→ WORK TO BE COMPLETED:
Repeat the whole listing word for word, skipping pictures.

→ EXERCISE DATA:
>>
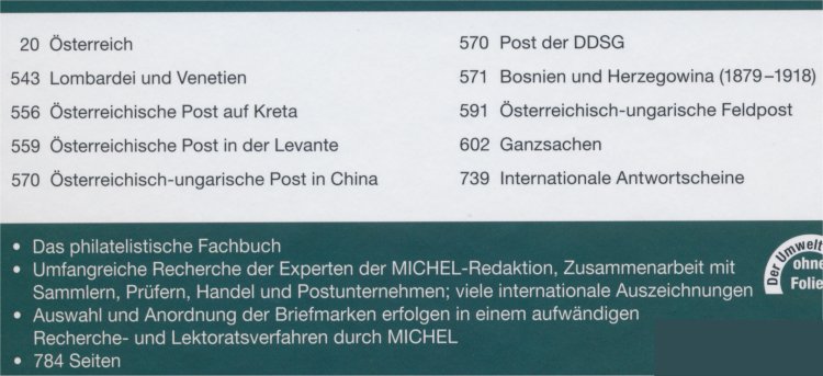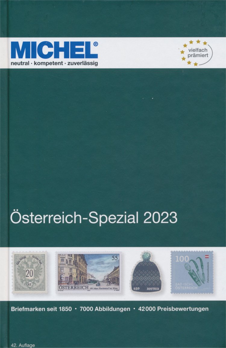 Specialkatalog över Österrikes frimärken i färg.
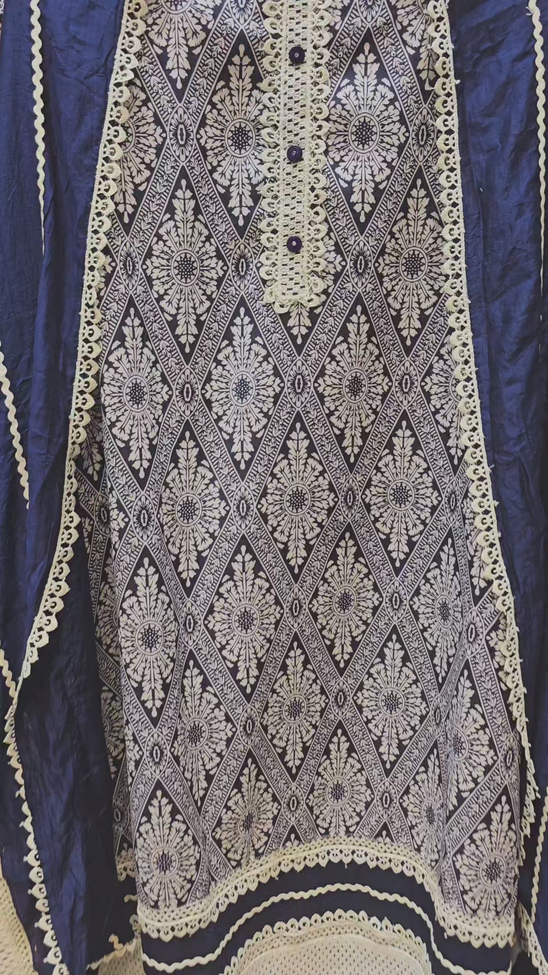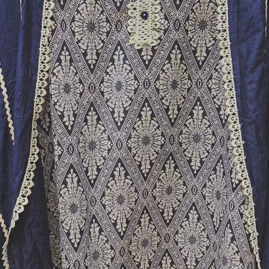 Experience the elegance and comfort of pure cotton with these designer unstitched suits, enhanced by delicate lace work. Crafted from high-quality cotton fabric, they offer breathability and softness ideal for all-day wear. The intricate lace detailing adds a refined touch, making these suits perfect for customization to suit your style for various occasions. Embrace versatility and sophistication in every stitch with these timeless, breathable designs.
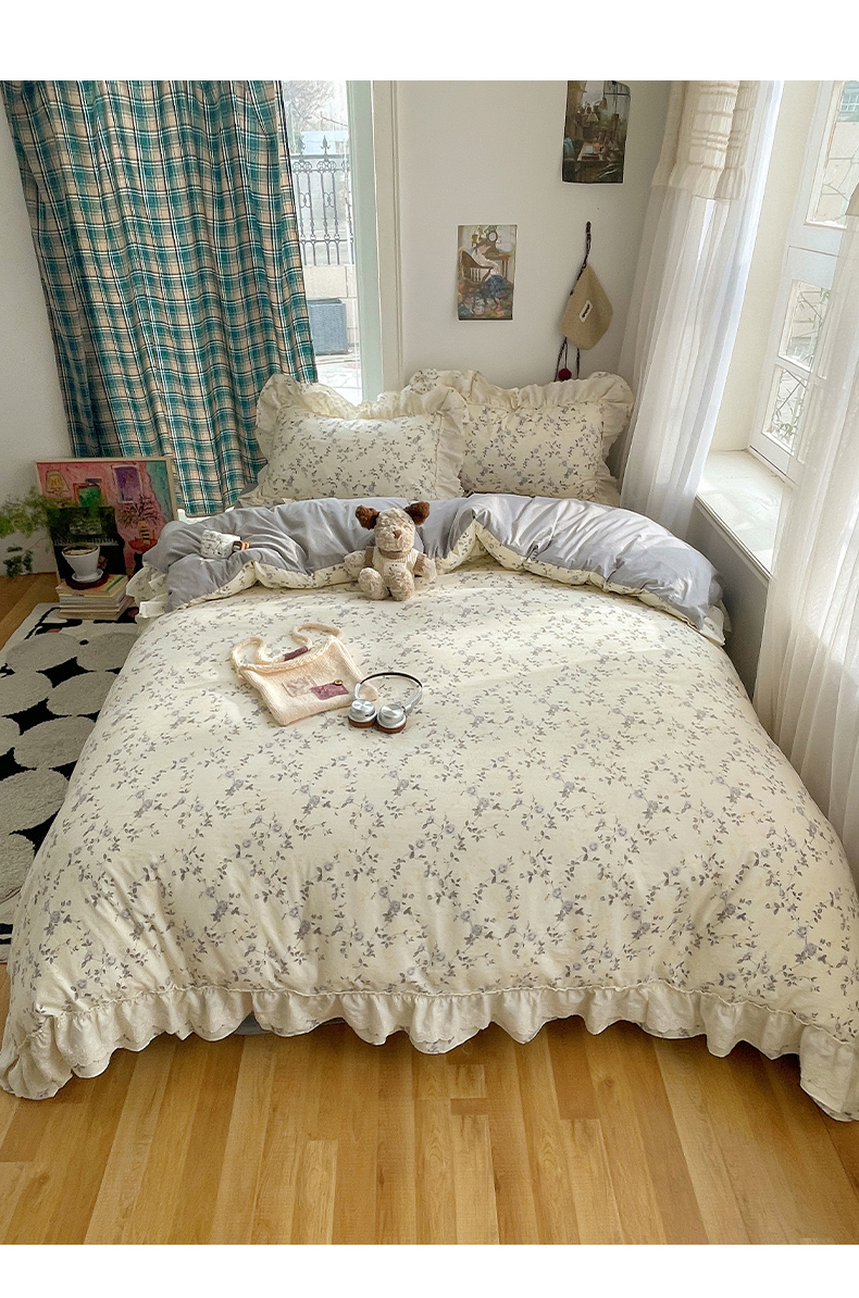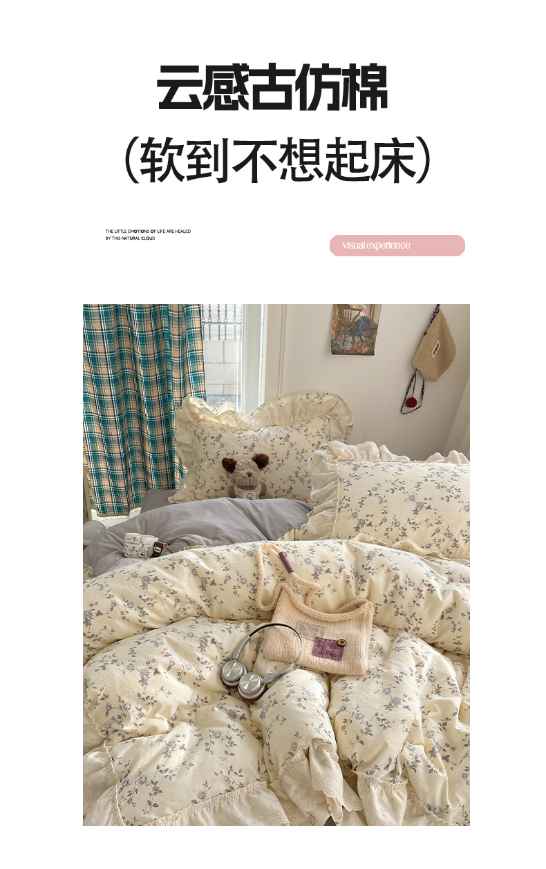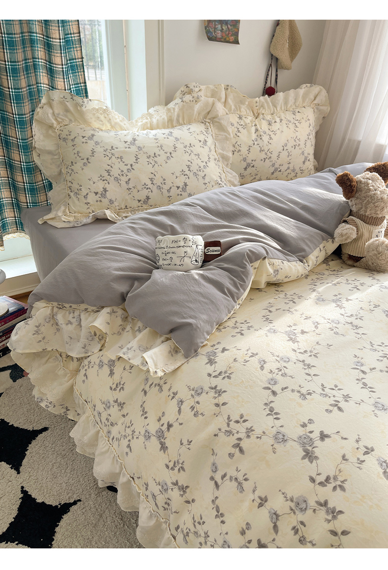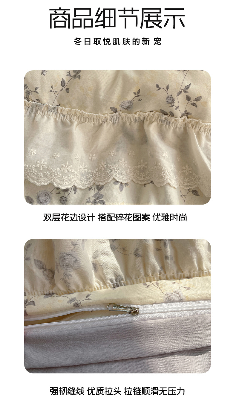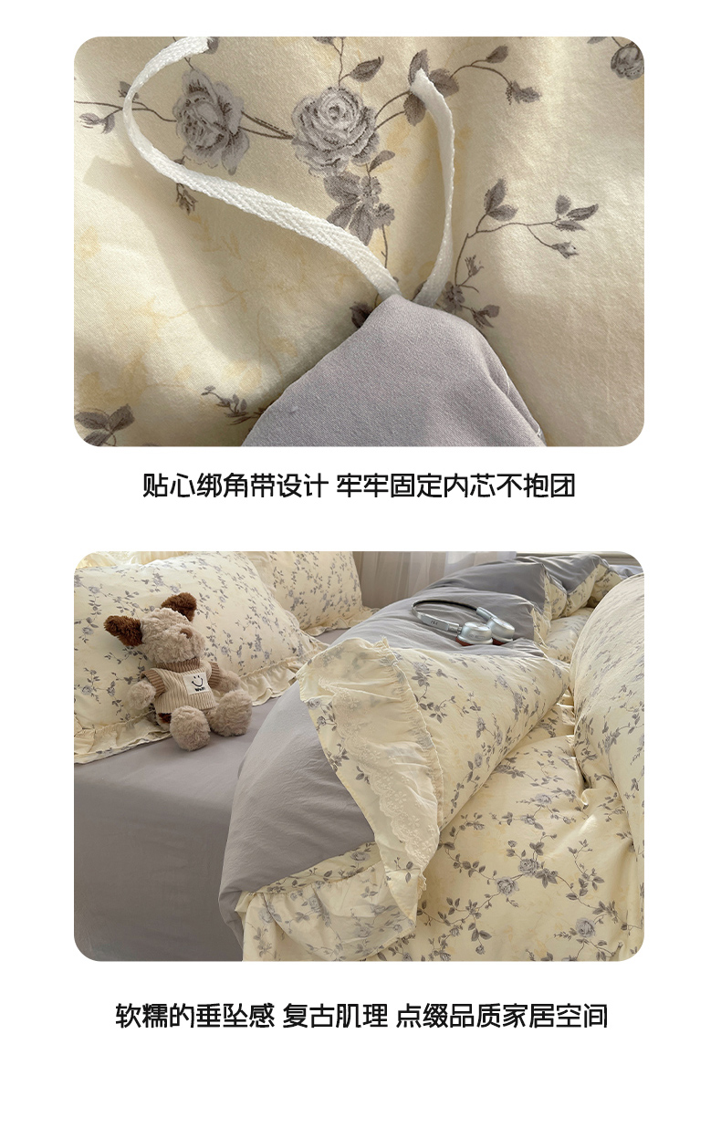 当前位置: 91家纺网 > 商品网购 > 床品套件 > 四件套 > 其它四件套 > 韩都家居 2026春夏新款古法仿棉蕾丝花边四件套 雾里蔷薇
<<
→ EXERCISE RESULT:
 Specialkatalog över Österrikes frimärken i färg.
 Experience the elegance and comfort of pure cotton with these designer unstitched suits, enhanced by delicate lace work. Crafted from high-quality cotton fabric, they offer breathability and softness ideal for all-day wear. The intricate lace detailing adds a refined touch, making these suits perfect for customization to suit your style for various occasions. Embrace versatility and sophistication in every stitch with these timeless, breathable designs.
 当前位置: 91家纺网 > 商品网购 > 床品套件 > 四件套 > 其它四件套 > 韩都家居 2026春夏新款古法仿棉蕾丝花边四件套 雾里蔷薇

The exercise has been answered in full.